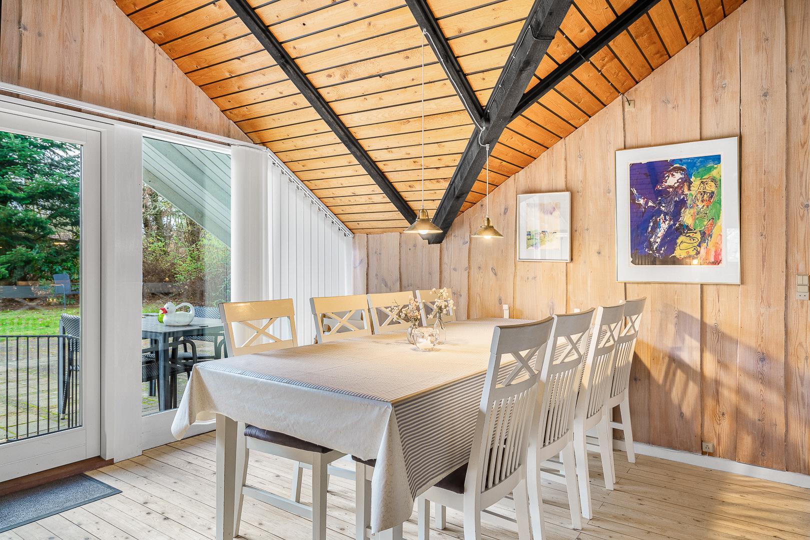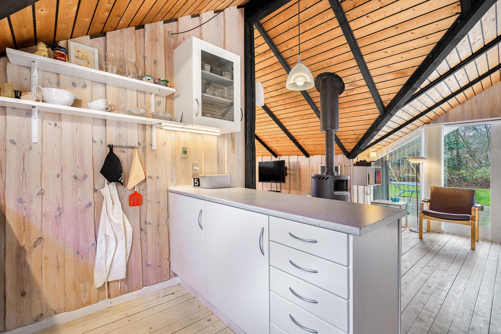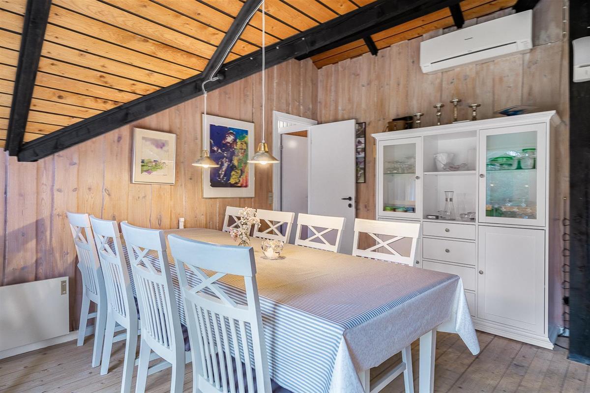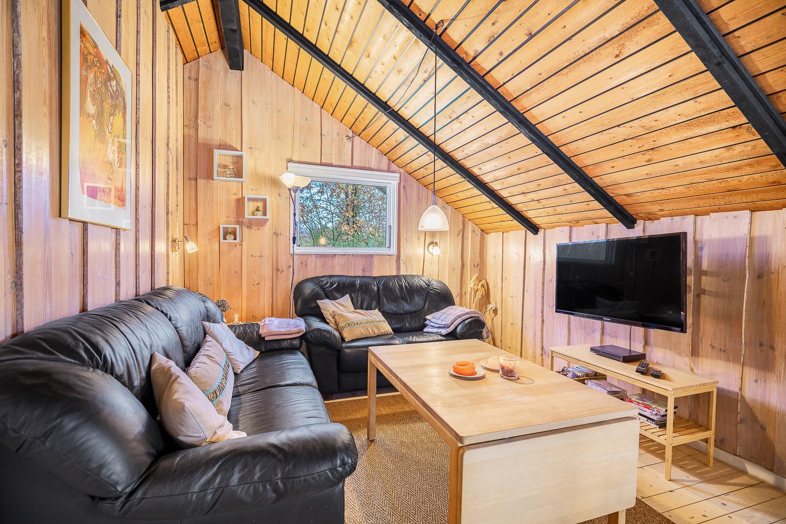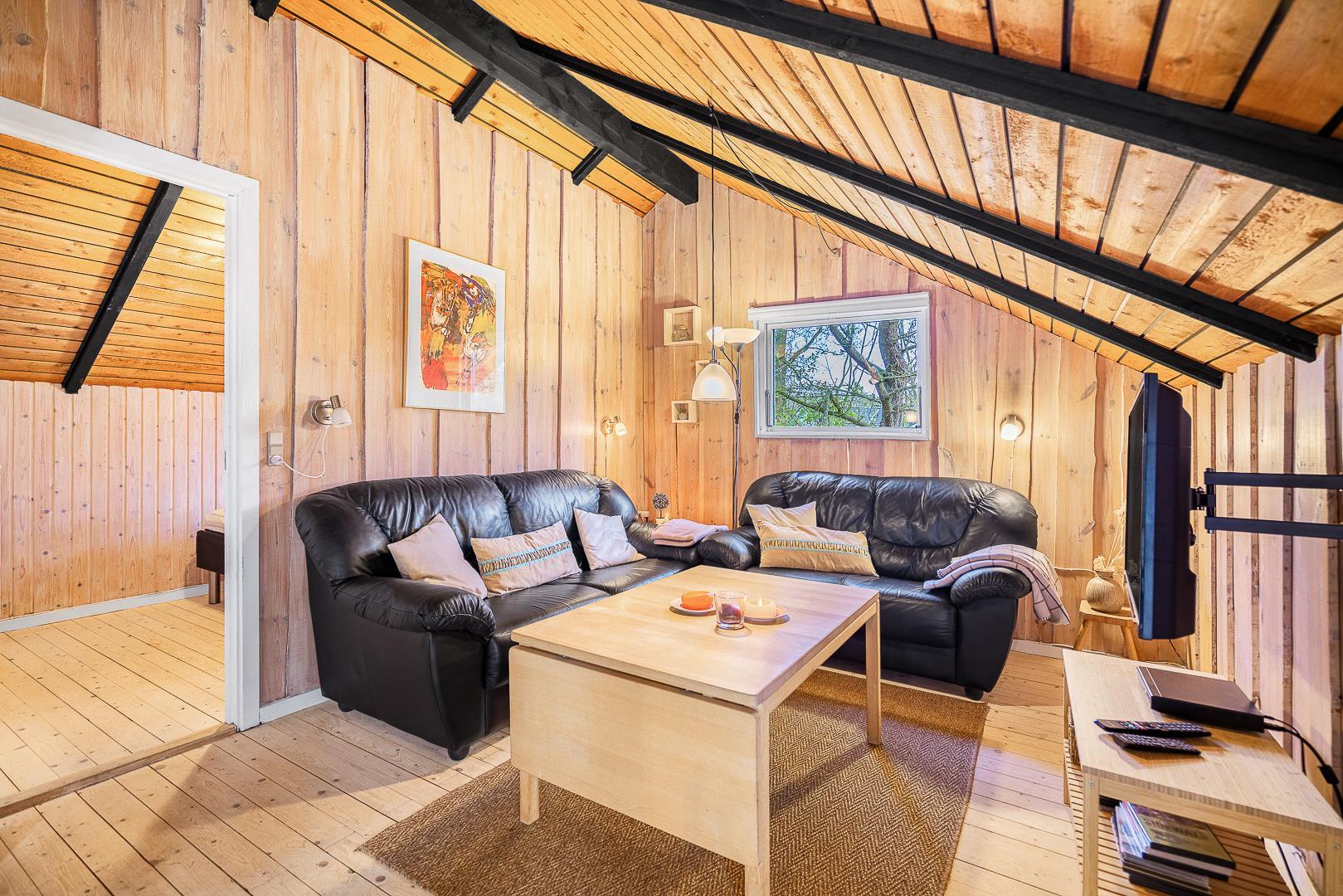 Der helle Wohnbereich mit Kamin ist der gemütliche Mittelpunkt des Ferienhauses. Durch die offene Raumgestaltung wirkt alles freundlich, verbunden und ideal für gemeinsame Stunden. Die moderne Wärmepumpe sorgt dafür, dass es im Sommer angenehm kühl und im Winter wohlig warm bleibt – perfekte Bedingungen für euren Urlaub in Dänemark zu jeder Jahreszeit.
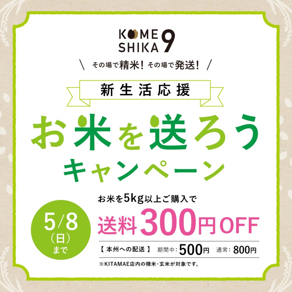 お米を5kg以上ご購入で、送料を300円引き。
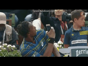 前者的行為其實我覺得很有趣,哈哈。我有觀看那場比賽,當時休息時刻,氣氛其實還蠻歡躍輕鬆的,Monfils才很開心的拿起手機拍攝。事後雖然有被指出不恰當,但是其實當時Monfils是有經過主審同意的喔。不過另一位Stakhovsky,啊啊因為有點ㄘㄝ歡,就被罰了2000美元。賽後有媒體對這類事件做了報導,像Roger就認為這樣不恰當,因為電子通訊產品可能會有「選手接獲教練在場邊指示」的疑慮。(the players might engage in receiving coaching ideas through their mobile devices) 賽會也覺得基本上攜帶電子通訊產品確實不妥,尤其還拿出來在比賽進行時使用,以後可能會禁止。
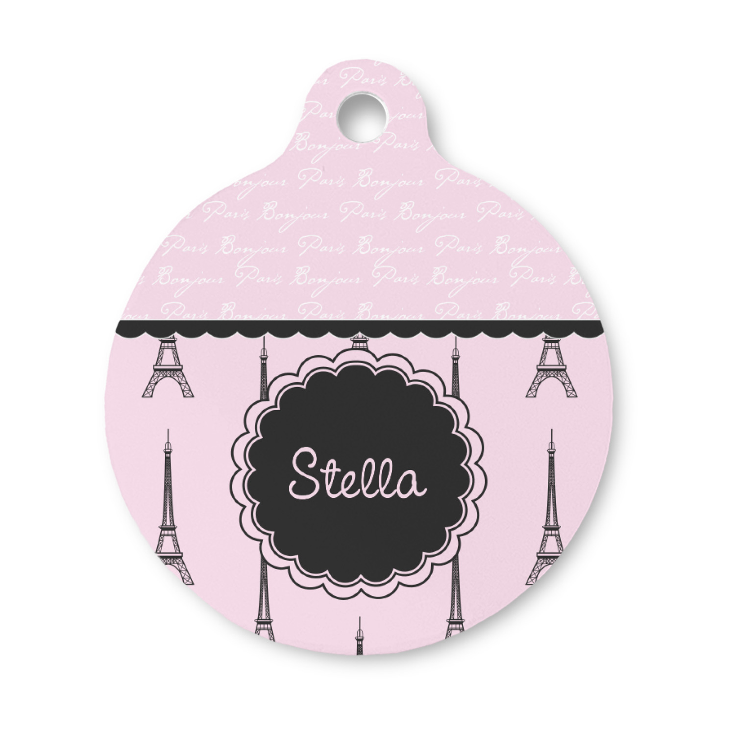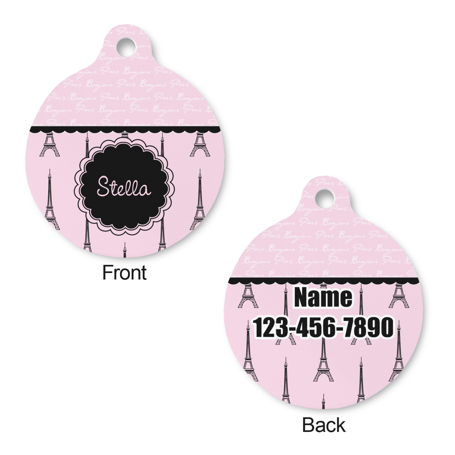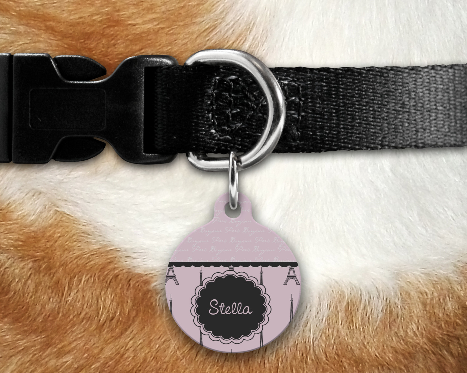 Go ahead; skip the monotony of plain pet ID tags with your very own, customized & personalized, round pet tag! This pet ID tag, fitting for both cats and dogs, will catch the eye of any onlooker (humans, canines, and felines, alike!) and accentuate your pet's individual personality.
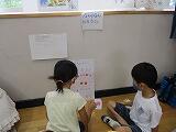 今日の3校時は、生活科の研究授業でした。単元の流れが分かる掲示物を準備したり、担任が実際におもちゃを作って実演してみたりして、「あそび方のレベルアップをめざして、ペアの友だちとあそぼう」という今日のめあてをしっかりとつかませていました。
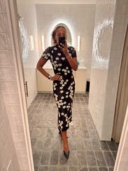 This dress fits perfectly and is so comfy. The slit doesn’t come up too high so it was totally appropriate for work. I wore with tights and heeled black boots.
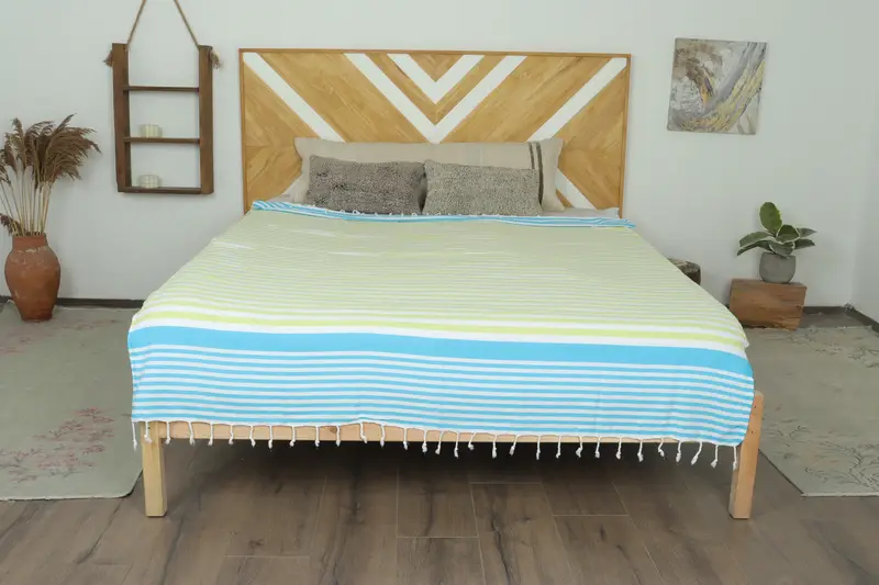 Couch-Überwurf, Bettüberwurf, grün-blau gestreifte Decke, 160 x 210 cm
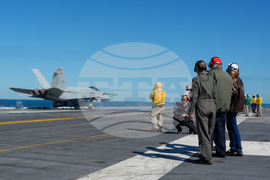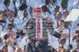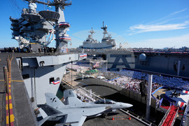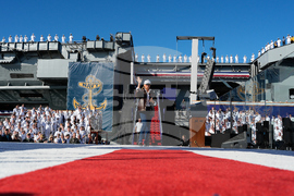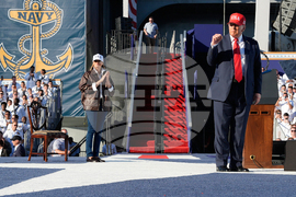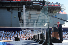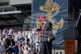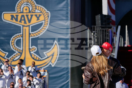 People arrive before President Donald Trump speaks during a celebration for the 250th anniversary of the U.S. Navy aboard the USS Harry S. Truman at Naval Station Norfolk, Sunday Oct. 5, 2025 in Norfolk, Va. (AP Photo/Alex Brandon)
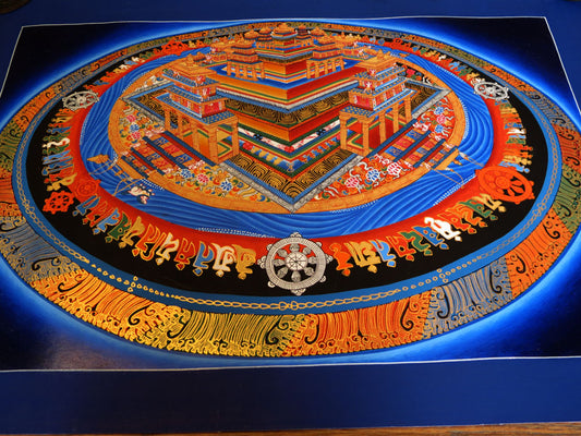 Tibetan Buddhism Ritual Kalachakra Mandala Tantra Mandala 3D Thangka Hand Painting Art Nepal free blue
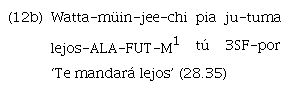 Igualmente, se usaron tres predicados adverbiales con «watta» ‘lejos’ (n17), «peje» ‘cerca’ (n2) y «maalüya» ‘madrugada’ (n1). El ejemplo 12b comunica una presencia potencial en un espacio relativo mediante la predicación del adverbio ‘lejos’ combinado con el direccional alativo, expreso en su forma futura masculina y seguida por el sujeto pronominal. La cláusula es traducible como ‘hacia allá lejos estarás’, pero la preposición causal-agentiva flexionada por ‘ella’, refiriéndose a Pülowi, le añade el sentido resultativo evidente en la traducción activa del español.
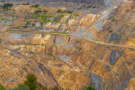 Mining dump with colorful layers of soil excavated from iron ore mining operations
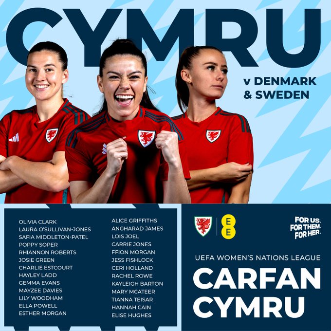 Rachel Rowe returns to the squad after injury together with Tianna Teisar and Poppy Soper, while Mared Griffiths and Scarlett Hill will represent the Cymru WU19 team in their upcoming UEFA qualifiers.
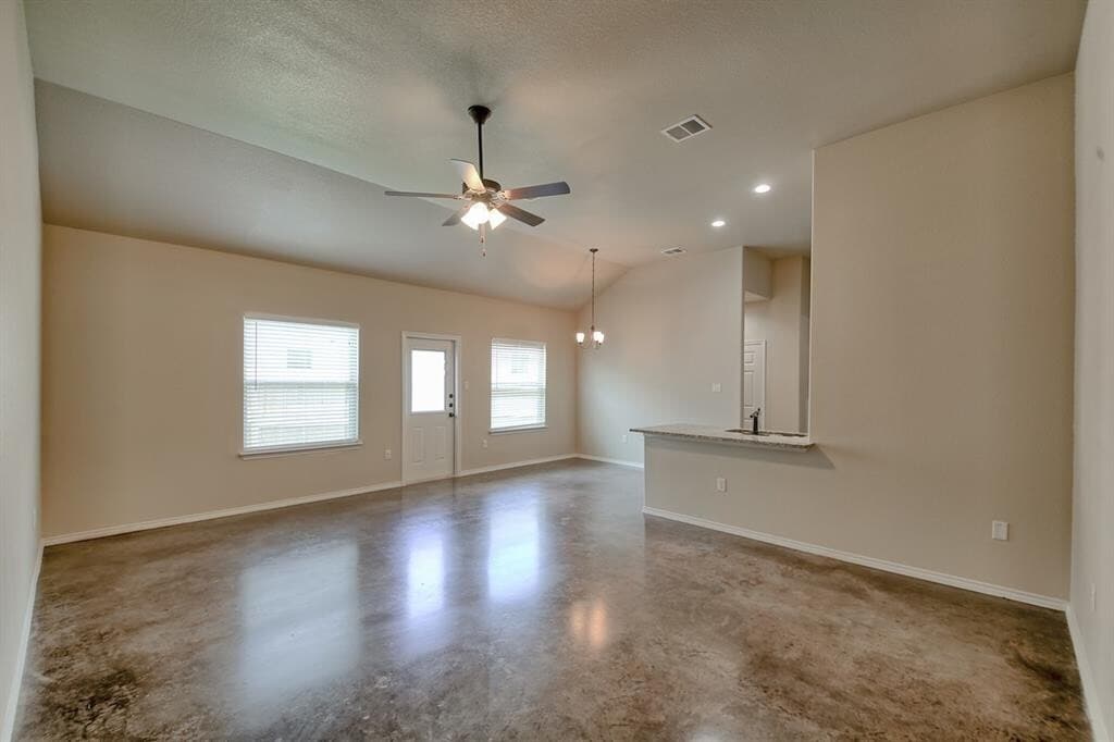 Property features 3 bedrooms, 2 full bathrooms, 2 car front entry garage with private fenced backyard. Spacious family and dining area, 11-foot ceilings in living room, 10-foot ceilings in master bedroom, polished stained concrete flooring, granite counter-tops, stainless kitchen appliances including refrigerator, dishwasher, range, microwave, 42 upper kitchen cabinets, with tile backsplash, under cabinet lighting, separate pantry. Rear covered patio is perfect for entertaining. Year Built 2019. Quick access to 1-35, close to schools, shopping and restaurants. APPLY ON-LINE TODAY!"
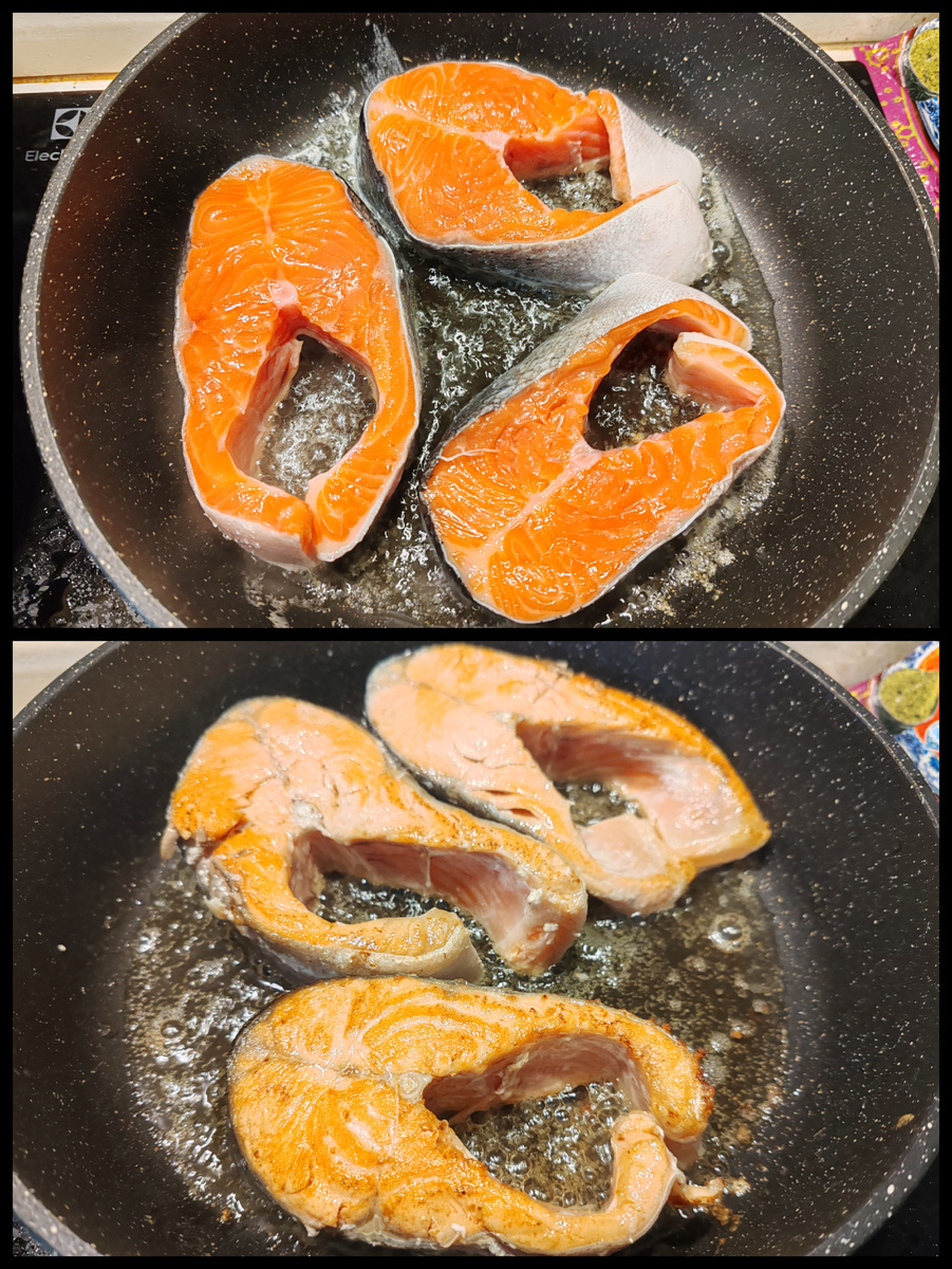 Первым делом следует разогреть сковороду. На ней готовится форель: стейки обжариваются с обеих сторон до появления золотистой корочки. Добавление оливкового масла придаст блюду нежный аромат, но можно обойтись и без него.

## To do
Return only the lines from the start of the data through the line that contains "お米を5kg以上ご購入で、送料を300円引き。", please, copying them exactly and omitting all pictures.

## Your solution
 Der helle Wohnbereich mit Kamin ist der gemütliche Mittelpunkt des Ferienhauses. Durch die offene Raumgestaltung wirkt alles freundlich, verbunden und ideal für gemeinsame Stunden. Die moderne Wärmepumpe sorgt dafür, dass es im Sommer angenehm kühl und im Winter wohlig warm bleibt – perfekte Bedingungen für euren Urlaub in Dänemark zu jeder Jahreszeit.
 お米を5kg以上ご購入で、送料を300円引き。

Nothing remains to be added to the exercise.